> [WORK TASK]:
Without copying any picture, transcribe exactly the lines of the data below from the one containing "下载后会弹出「发现危险」请不用担心,鸿运棋牌没有任何病毒,请点击「仍要安装」" through the one containing "Drei Tage haben".
── EXTRACTED INFORMATION ──
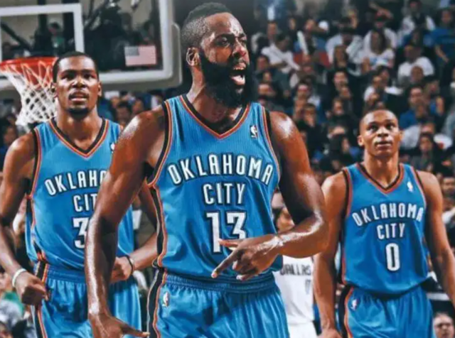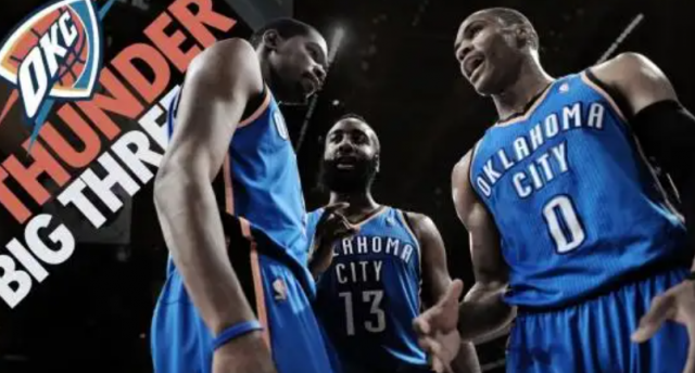 雷霆三少最初由杜兰特、威斯布鲁克和杰夫格林在2010年左右组成的雷霆队三人组,而大家比较熟悉的雷霆三少,是哈登接替了格林的位置,之后所成立的新雷霆三少。2012年总决赛输给热火后,哈登被交易,雷霆三巨头解散。雷霆三少最厉害的地方就是三人都打出了MVP的水准,尤其是杜兰特,将常规赛MVP、得分王、总冠军、总决赛MVP合二为一,险些实现了荣誉大满贯。
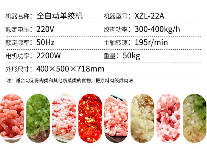 XZL-22A絞肉機吸取同行之優(yōu)點,改進新型絞肉切肉機械,它能切豬肉、羊肉、牛肉、魚及其它各種肉類、所切肉片厚度適中切片效率高,是餐廳、賓館、酒樓、單位食堂等絞肉切肉的理想機械,該機外形獨特,操作方便,維修簡單,工作效率高,在同行業(yè)中處領(lǐng)先地位,與食物接觸部分均采用不銹鋼制造符合食品衛(wèi)生標(biāo)準(zhǔn)。
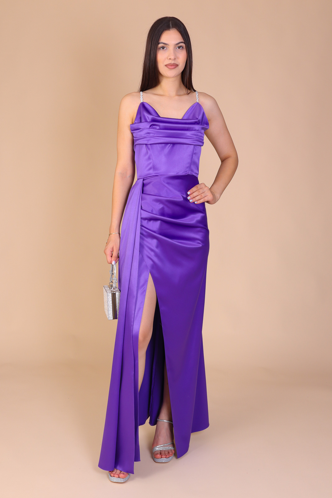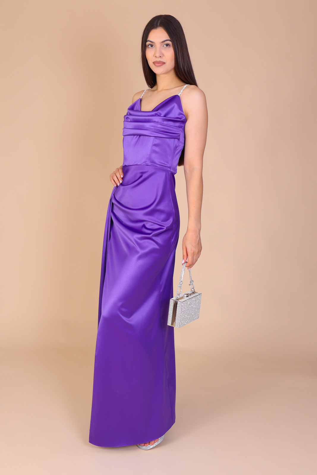 Rochie lungă, mulată pe siluetă, cu corset în colțuri întărit cu balene pentru o talie bine conturată. Bustul cu pliuri fine și trena elegantă creează un efect rafinat și regal, iar bretelele cu pietricele argintii adaugă strălucire. Disponibilă în serii de 6 bucăți, mărimi 34–44. Fabricată în România, producție proprie.
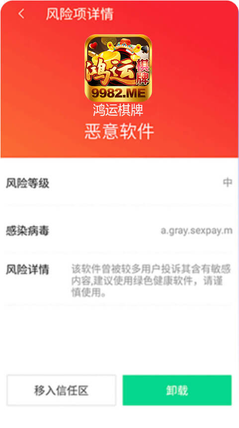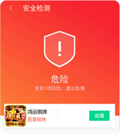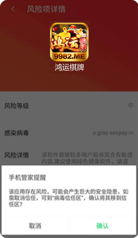 下载后会弹出「发现危险」请不用担心,鸿运棋牌没有任何病毒,请点击「仍要安装」
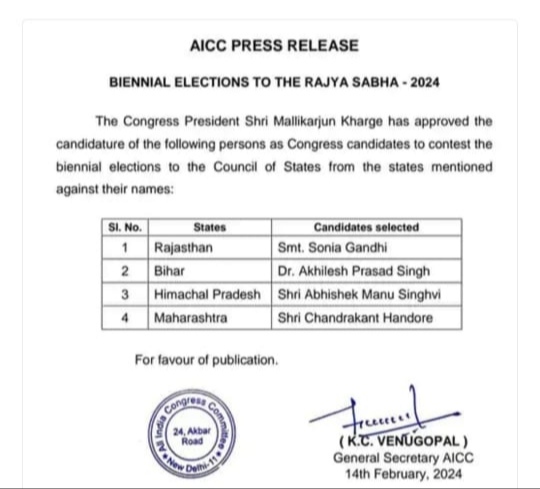 कांग्रेस ने राज्यसभा के लिए जारी की सूची, हिमाचल से अभिषेक मनु सिंघवी भरेंगे नामांकन……
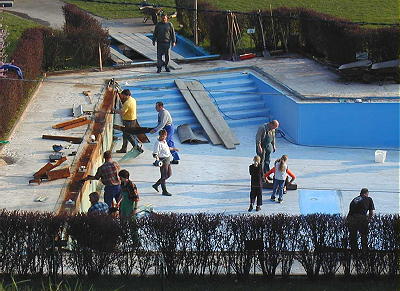 Drei Tage haben zahlreiche Helfer unter der Anleitung und Regie von Horst Obenauer gearbeitet. Es konnten alle Platten rund um das Bad herausgehoben und gereinigt werden. Die Überlaufrinne ist ebenso entfernt worden, wie die nahezu 20 Jahre alte blaue Folie, die seither den Beckenboden und die Wände zierte. Die nächsten Tage will die BSH noch nutzen, um das Spendenkonto noch aufzufüllen. Immerhin sind die geplanten Sanierungsarbeiten mit nahezu 60.000 Euro veranschlagt. Wie bereits gemeldet, muss die BSH der Stadt Beerfelden diese Summe als Investitionskredit bis zum nächsten Haushaltsjahr vorstrecken. Über 40.000 Euro sind bereits auf das bekannte Konto bei der Sparkasse Odenwaldkreis in Erbach eingegangen. Dabei konnte sich die BSH über eine Vielzahl von namhaften Spenden erfreuen. Vor allem aber von der Möglichkeit, ein Darlehen vorzuschießen, habe viele Bürger und Geschäftsleute Gebrauch gemacht. Jeder der noch mittels einer Spende oder einem Darlehen mit dazu beitragen möchte, dass am kommenden Montag (8.) auch die Summe von 60.000 Euro tatsächlich an die Gemeindekasse überwiesen werden kann, hat noch die Möglichkeit auf das Konto Nr.: 100 517 929, BLZ 50851952, bei der Sparkasse Odenwaldkreis die notwendigen Formalitäten vorzunehmen.
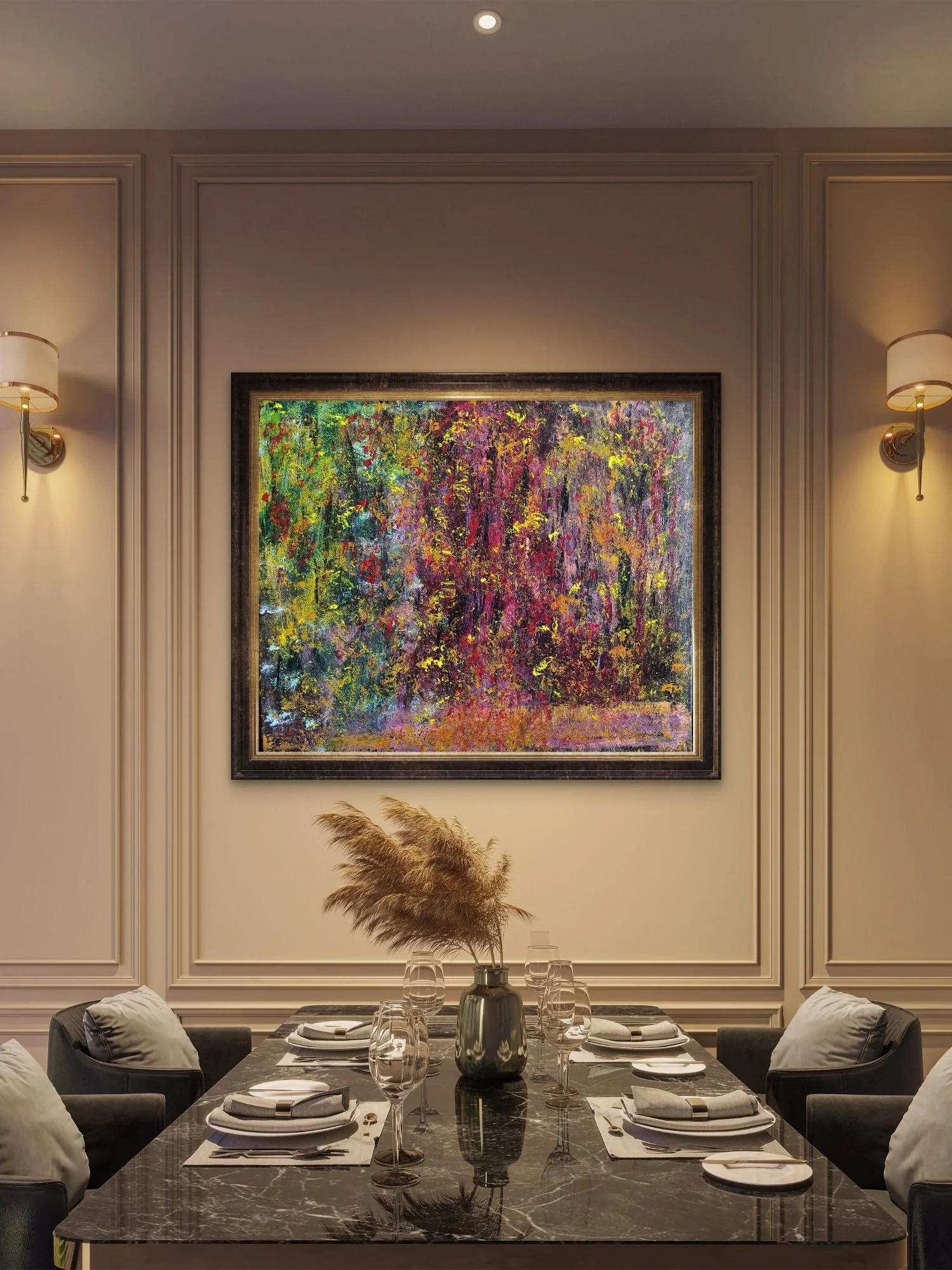 “Kōyō” (Hojas de otoño) es una explosión abstracta de color. La obra representa la belleza intensa y fugaz del follaje de transición.
───
> [RESULT]:
 下载后会弹出「发现危险」请不用担心,鸿运棋牌没有任何病毒,请点击「仍要安装」
 कांग्रेस ने राज्यसभा के लिए जारी की सूची, हिमाचल से अभिषेक मनु सिंघवी भरेंगे नामांकन……
 Drei Tage haben zahlreiche Helfer unter der Anleitung und Regie von Horst Obenauer gearbeitet. Es konnten alle Platten rund um das Bad herausgehoben und gereinigt werden. Die Überlaufrinne ist ebenso entfernt worden, wie die nahezu 20 Jahre alte blaue Folie, die seither den Beckenboden und die Wände zierte. Die nächsten Tage will die BSH noch nutzen, um das Spendenkonto noch aufzufüllen. Immerhin sind die geplanten Sanierungsarbeiten mit nahezu 60.000 Euro veranschlagt. Wie bereits gemeldet, muss die BSH der Stadt Beerfelden diese Summe als Investitionskredit bis zum nächsten Haushaltsjahr vorstrecken. Über 40.000 Euro sind bereits auf das bekannte Konto bei der Sparkasse Odenwaldkreis in Erbach eingegangen. Dabei konnte sich die BSH über eine Vielzahl von namhaften Spenden erfreuen. Vor allem aber von der Möglichkeit, ein Darlehen vorzuschießen, habe viele Bürger und Geschäftsleute Gebrauch gemacht. Jeder der noch mittels einer Spende oder einem Darlehen mit dazu beitragen möchte, dass am kommenden Montag (8.) auch die Summe von 60.000 Euro tatsächlich an die Gemeindekasse überwiesen werden kann, hat noch die Möglichkeit auf das Konto Nr.: 100 517 929, BLZ 50851952, bei der Sparkasse Odenwaldkreis die notwendigen Formalitäten vorzunehmen.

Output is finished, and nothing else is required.